**Your instructions**
Exactly reproduce the lines from the line bearing "Fred Krugger Bertrand" through the end of the listing, inclusive of both; pictures are to be omitted.

**Provided material**
****

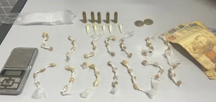 Segundo os policiais, durante a ação foram encontrados entorpecentes, balança de precisão, munições calibre .38 e uma quantia em dinheiro.
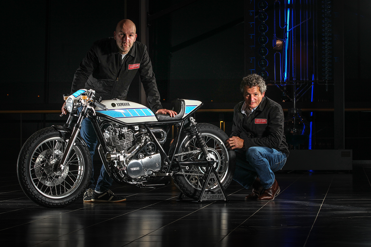 Fred Krugger Bertrand คือผู้ออกแบบเจ้า SR400 คันนี้ ที่ได้รับแรงบันดาลใจในการตกแต่งมาจาก Yamaha TZ ที่เคยเข้าร่วมแข่งขันในรายการ MotoGP ยุคปี 70 ซึ่งส่วนนึงของแนวคิดนี้มาจากเพื่อนสนิทของเค้า Bernard Ansiau ที่เป็นหนึ่งในทีมช่างให้กับ “The Doctors” Valentino Rossi
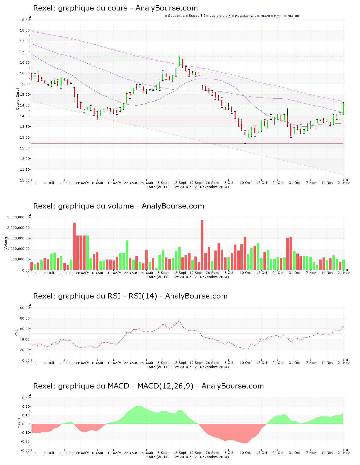 Le constat est encore franchement favorable ces cinq derniers jours pour l’action Rexel, avec un mouvement haussier de 5.85%. La valeur s’échange à présent à 14.560 €. Symbolisée par un cours haussier de 1.70%, elle montrait déjà la semaine dernière une pression acheteuse. Par conséquent, l’évolution haussière de la semaine dernière gagne en vitesse ces cinq dernières séances de cotations pour la valeur. Il s’agit de la première fois depuis le mercredi 1er octobre 2014 que l’action Rexel dépasse ce seuil. Le cours a franchi la résistance des 14.360 € cette semaine. La prochaine résistance se situe à 16.780 €. Enfin, Rexel fluctue cette semaine dans des limites de 8.05%, présentant une relative volatilité sur le cours. L’action se localise près de la limite supérieure du canal dans lequel cette dernière se limite depuis un certain temps.

****

**The completed task**
 Fred Krugger Bertrand คือผู้ออกแบบเจ้า SR400 คันนี้ ที่ได้รับแรงบันดาลใจในการตกแต่งมาจาก Yamaha TZ ที่เคยเข้าร่วมแข่งขันในรายการ MotoGP ยุคปี 70 ซึ่งส่วนนึงของแนวคิดนี้มาจากเพื่อนสนิทของเค้า Bernard Ansiau ที่เป็นหนึ่งในทีมช่างให้กับ “The Doctors” Valentino Rossi
 Le constat est encore franchement favorable ces cinq derniers jours pour l’action Rexel, avec un mouvement haussier de 5.85%. La valeur s’échange à présent à 14.560 €. Symbolisée par un cours haussier de 1.70%, elle montrait déjà la semaine dernière une pression acheteuse. Par conséquent, l’évolution haussière de la semaine dernière gagne en vitesse ces cinq dernières séances de cotations pour la valeur. Il s’agit de la première fois depuis le mercredi 1er octobre 2014 que l’action Rexel dépasse ce seuil. Le cours a franchi la résistance des 14.360 € cette semaine. La prochaine résistance se situe à 16.780 €. Enfin, Rexel fluctue cette semaine dans des limites de 8.05%, présentant une relative volatilité sur le cours. L’action se localise près de la limite supérieure du canal dans lequel cette dernière se limite depuis un certain temps.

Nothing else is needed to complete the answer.